A related issue... having just discovered the simple http server on the dongle, I see I can reset the dongle from there. And similar sort of issue - the active givenergy_modbus connection didn't immediately appear to notice. I got a couple of read timeouts. so I interrupted, and got

  File "/usr/local/lib/python3.11/asyncio/base_events.py", line 654, in run_until_complete
    return future.result()
           ^^^^^^^^^^^^^^^
  File "/tmp/./monitor4.py", line 187, in monitor
    await asyncio.sleep(delay)
  File "/usr/local/lib/python3.11/asyncio/tasks.py", line 649, in sleep
    return await future
           ^^^^^^^^^^^^
asyncio.exceptions.CancelledError

During handling of the above exception, another exception occurred:

Traceback (most recent call last):
  File "/tmp/./monitor4.py", line 204, in <module>
    asyncio.run(monitor())
  File "/usr/local/lib/python3.11/asyncio/runners.py", line 190, in run
    return runner.run(main)
           ^^^^^^^^^^^^^^^^
  File "/usr/local/lib/python3.11/asyncio/runners.py", line 123, in run
    raise KeyboardInterrupt()
KeyboardInterrupt
Task exception was never retrieved
future: <Task finished name='network_consumer' coro=<Client._task_network_consumer() done, defined at /extra/drd/venv/testge2/lib/python3.11/site-packages/givenergy_modbus/client/client.py:177> exception=ConnectionResetError(104, 'Connection reset by peer')>
Traceback (most recent call last):
  File "/extra/drd/venv/testge2/lib/python3.11/site-packages/givenergy_modbus/client/client.py", line 244, in _task_network_producer
    await self.close()
  File "/extra/drd/venv/testge2/lib/python3.11/site-packages/givenergy_modbus/client/client.py", line 113, in close
    await self.writer.wait_closed()
  File "/usr/local/lib/python3.11/asyncio/streams.py", line 364, in wait_closed
    await self._protocol._get_close_waiter(self)

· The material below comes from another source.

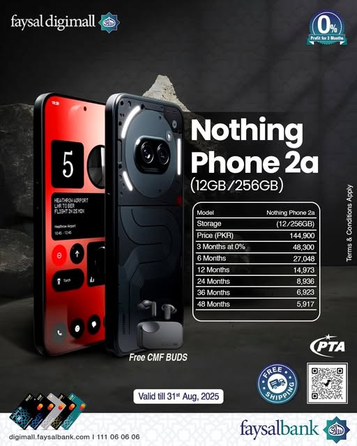 The promotion is valid until 31st August 2025, giving customers plenty of time to take advantage of this offer. With long-term installment plans and exclusive freebies, Faysal Digimall ensures owning the Nothing Phone 2a is easier than ever.

  File "/usr/local/lib/python3.11/asyncio/selector_events.py", line 999, in _read_ready__data_received
    data = self._sock.recv(self.max_size)

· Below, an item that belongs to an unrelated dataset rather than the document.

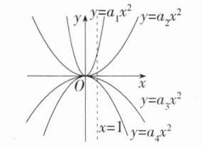 【解法二】特殊点位置法:如图,$\because$ 直线$x = 1$与四条抛物线的交点从上到下依次为点$(1,a_{1})$,$(1,a_{2})$,$(1,a_{3})$,$(1,a_{4})$,$\therefore a_{1} > a_{2} > a_{3} > a_{4}$.

           ^^^^^^^^^^^^^^^^^^^^^^^^^^^^^^
ConnectionResetError: [Errno 104] Connection reset by peer
Task exception was never retrieved
future: <Task finished name='network_producer' coro=<Client._task_network_producer() done, defined at /extra/drd/venv/testge2/lib/python3.11/site-packages/givenergy_modbus/client/client.py:231> exception=ConnectionResetError(104, 'Connection reset by peer')>
Traceback (most recent call last):
  File "/extra/drd/venv/testge2/lib/python3.11/site-packages/givenergy_modbus/client/client.py", line 244, in _task_network_producer
    await self.close()
  File "/extra/drd/venv/testge2/lib/python3.11/site-packages/givenergy_modbus/client/client.py", line 113, in close
    await self.writer.wait_closed()
  File "/usr/local/lib/python3.11/asyncio/streams.py", line 364, in wait_closed
    await self._protocol._get_close_waiter(self)

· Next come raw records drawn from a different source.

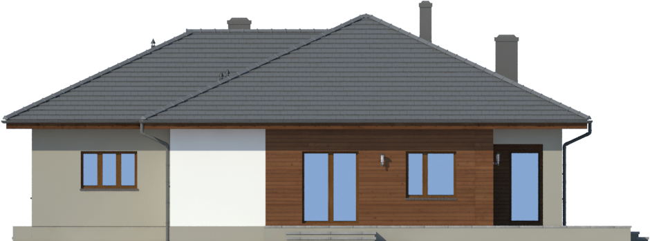 Graficzne opracowanie rzutów poglądowych widocznych na karcie projektu zostało wykonane przez Extradom.pl. Prezentowane przez Extradom.pl wizualizacje wykonane zostały przez autora projektu i należy poczytywać je jedynie za przykład i propozycję wykończenia, wizję architektoniczną autora projektu. Ostateczne wykończenie budynku może nastąpić na wiele sposobów. Szczegółowe rozwiązania zastosowane w oferowanej dokumentacji - w tym również ilość, lokalizacje i wygląd okien, drzwi, kominów - mogą w niewielkim stopniu różnić się od prezentowanej wizualizacji budynku.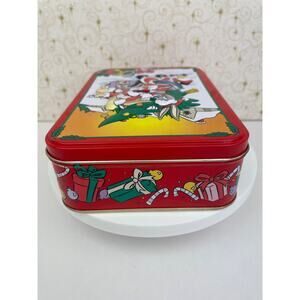 This vintage tin features the Looney Tunes characters dressed for the holidays and surrounded by Christmas decor.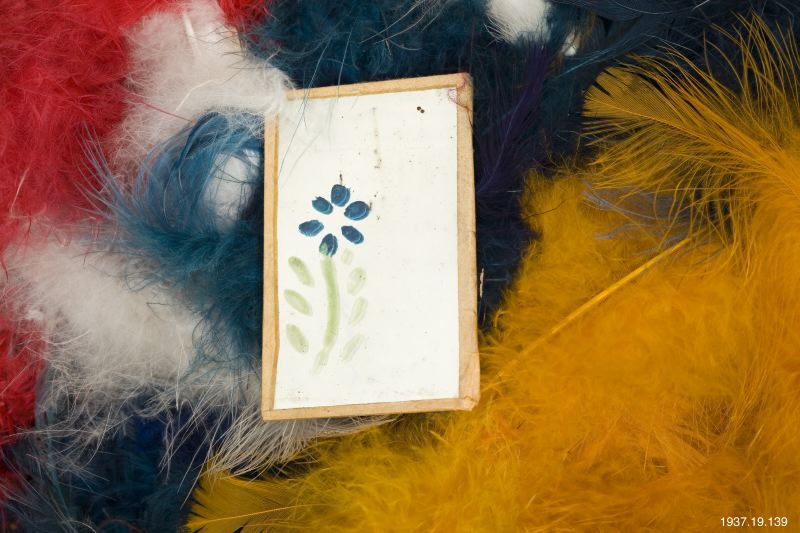 Dansprydnad. Tillverkad av fjädrar i många färger fästade vid ett gallerverk av tunna spjälor. Själva kronan, som vilar på huvudet, är av bleckplåt med målade ornament. I utsmyckningen ingår tretton stycken rektangulära speglar samt fyra små stjärnor av metall med runda speglar i mitten. Fjädrarna är färgade utifrån kanten räknat i gult, grönt, vitt, rött, blått och brandgult. Prydnadsband av rött siden.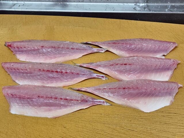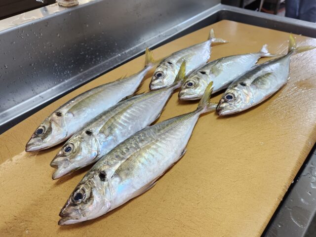 身は固く、脂は少なめ。前回入荷のアジとは真逆ですね。

  File "/usr/local/lib/python3.11/asyncio/selector_events.py", line 999, in _read_ready__data_received
    data = self._sock.recv(self.max_size)
           ^^^^^^^^^^^^^^^^^^^^^^^^^^^^^^
ConnectionResetError: [Errno 104] Connection reset by peer

(But other than these issues, I've been quite impressed by the stability of the connection - script just runs and runs most of the time.)